What you should do: Nothing but the text belongs in the answer: the listing below, copied exactly, without pictures.

Source information:
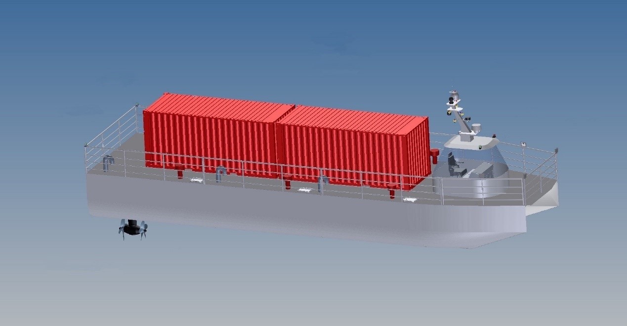 該船總長(zhǎng)19.9m,型寬5.5m,設(shè)計(jì)吃水0.9m。該無(wú)人船設(shè)有2臺(tái)200kW全回轉(zhuǎn)主推進(jìn)器、1臺(tái)30kW側(cè)推進(jìn)器,采用賽思億基于直流組網(wǎng)技術(shù)的S-Hybrid-R混合動(dòng)力推進(jìn)系統(tǒng),自動(dòng)化程度高,系統(tǒng)整體性能好,完全滿(mǎn)足無(wú)人船使用要求。
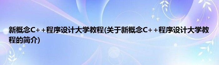 本文关于新概念C++程序设计大学教程的简介就讲解完毕,希望对大家有所帮助。
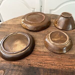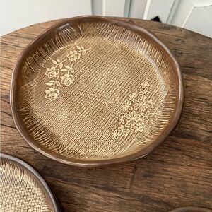 Elegant handmade pottery set. Features beautiful floral designs. Perfect for dining or decor. This would be a beautiful vanity set as well. In perfect condition.
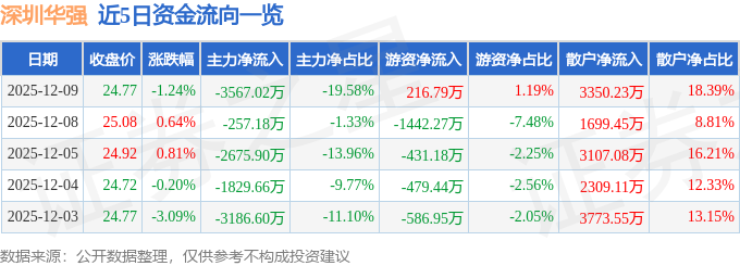 证券之星消息,截至2025年12月9日收盘,深圳华强(000062)报收于24.77元,下跌1.24%,换手率0.7%,成交量7.3万手,成交额1.82亿元。
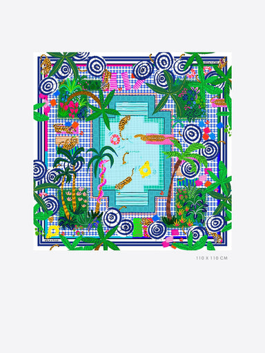 Silk scarf with tropical print. Measurements 110 x 110 cm.
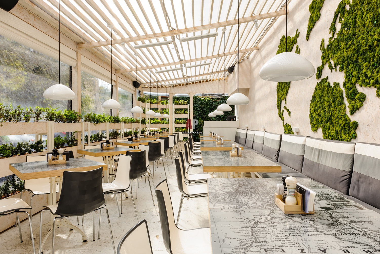 Фото летней веранды при баре. Ее интерьер решен на контрасте с баром: использовано светлое дерево и белый текстиль.
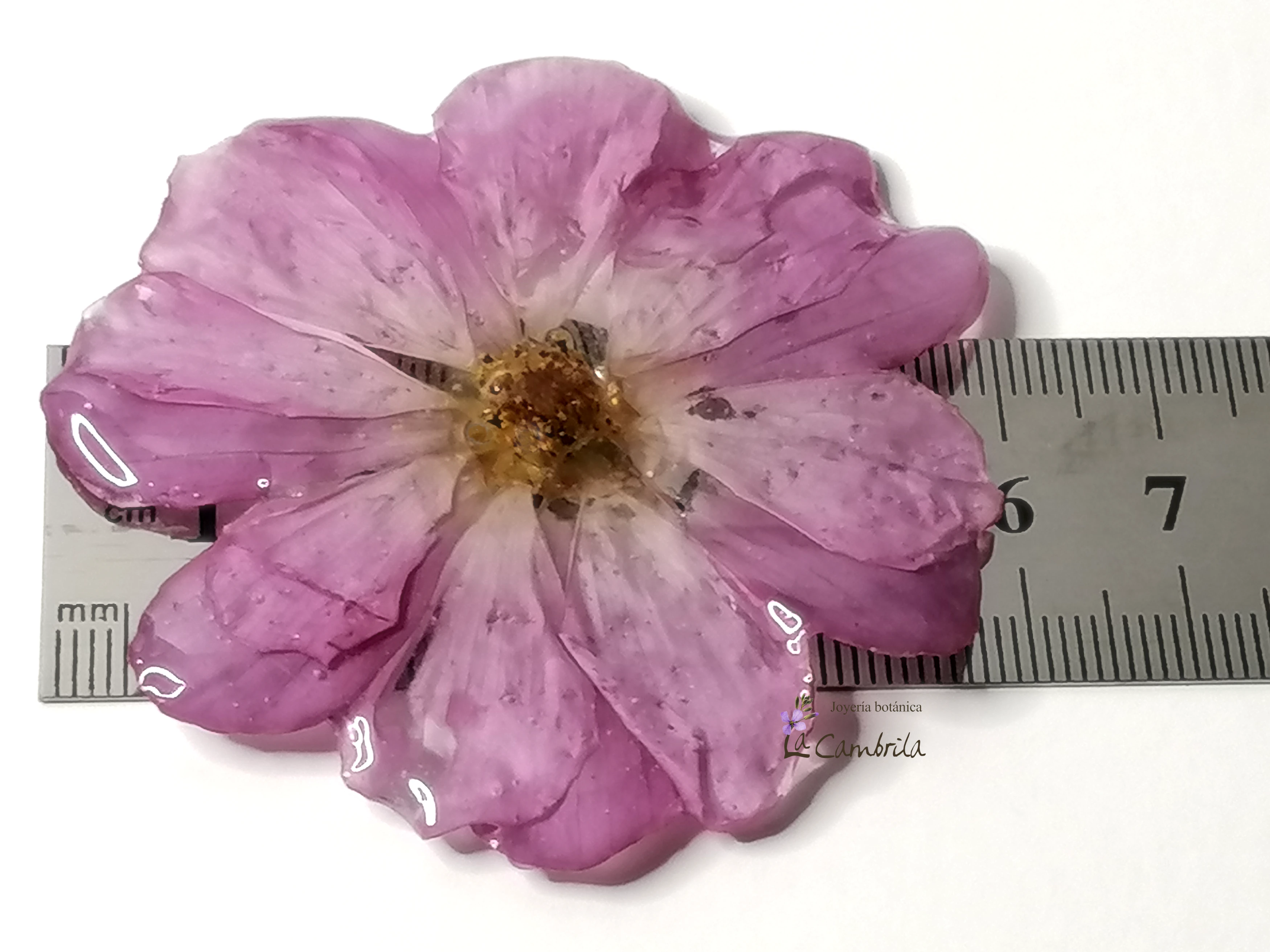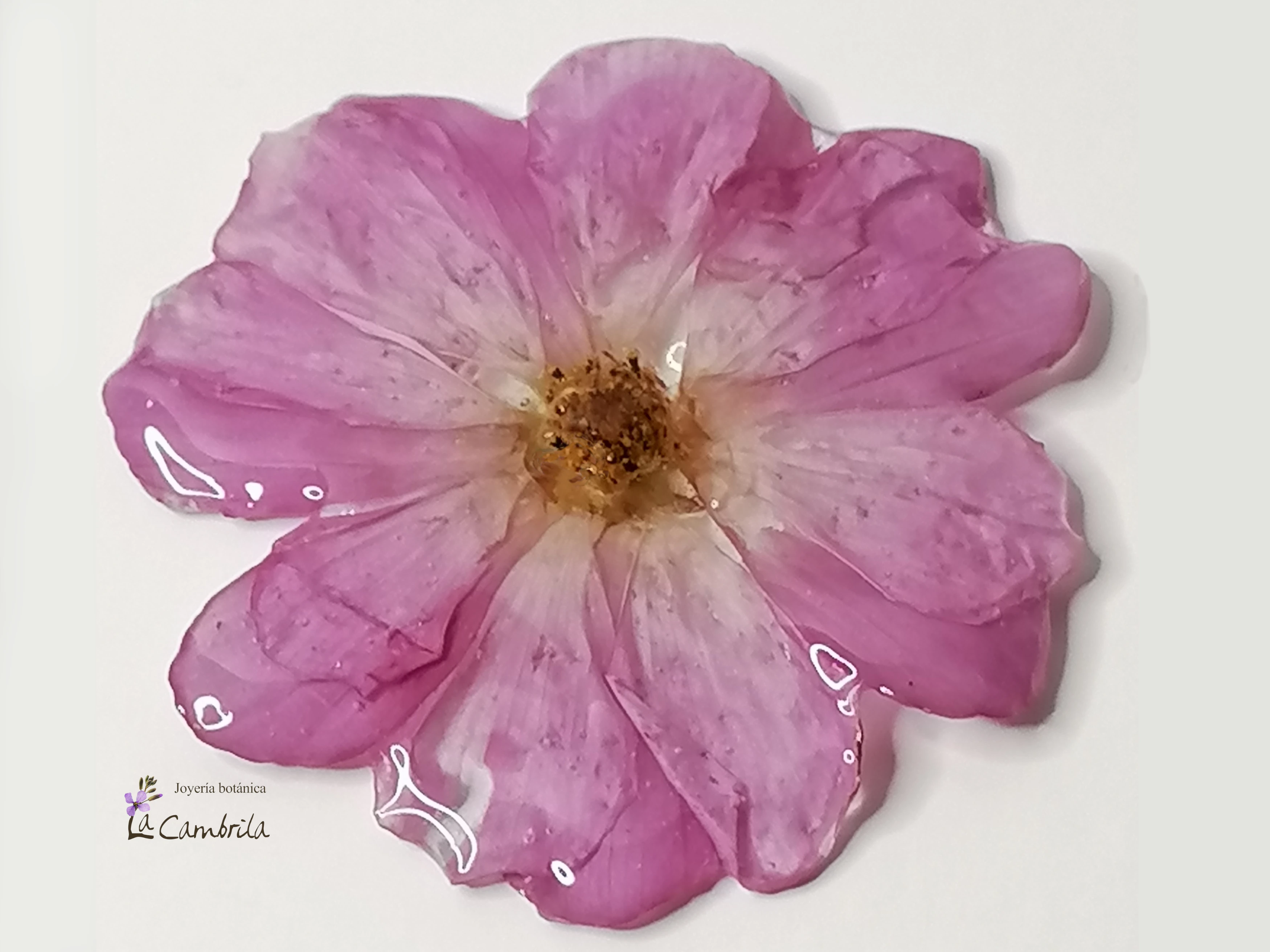 Una vez lista, la trato con todo mi mimo y la encapsulo en resina transparente. Esta capa de resina actúa como un cristal eterno que protege la delicadeza de los pétalos, permitiendo que puedas tocarla y lucirla sin miedo a que se estropee.

Answer for the task:
 該船總長(zhǎng)19.9m,型寬5.5m,設(shè)計(jì)吃水0.9m。該無(wú)人船設(shè)有2臺(tái)200kW全回轉(zhuǎn)主推進(jìn)器、1臺(tái)30kW側(cè)推進(jìn)器,采用賽思億基于直流組網(wǎng)技術(shù)的S-Hybrid-R混合動(dòng)力推進(jìn)系統(tǒng),自動(dòng)化程度高,系統(tǒng)整體性能好,完全滿(mǎn)足無(wú)人船使用要求。
 本文关于新概念C++程序设计大学教程的简介就讲解完毕,希望对大家有所帮助。
 Elegant handmade pottery set. Features beautiful floral designs. Perfect for dining or decor. This would be a beautiful vanity set as well. In perfect condition.
 证券之星消息,截至2025年12月9日收盘,深圳华强(000062)报收于24.77元,下跌1.24%,换手率0.7%,成交量7.3万手,成交额1.82亿元。
 Silk scarf with tropical print. Measurements 110 x 110 cm.
 Фото летней веранды при баре. Ее интерьер решен на контрасте с баром: использовано светлое дерево и белый текстиль.
 Una vez lista, la trato con todo mi mimo y la encapsulo en resina transparente. Esta capa de resina actúa como un cristal eterno que protege la delicadeza de los pétalos, permitiendo que puedas tocarla y lucirla sin miedo a que se estropee.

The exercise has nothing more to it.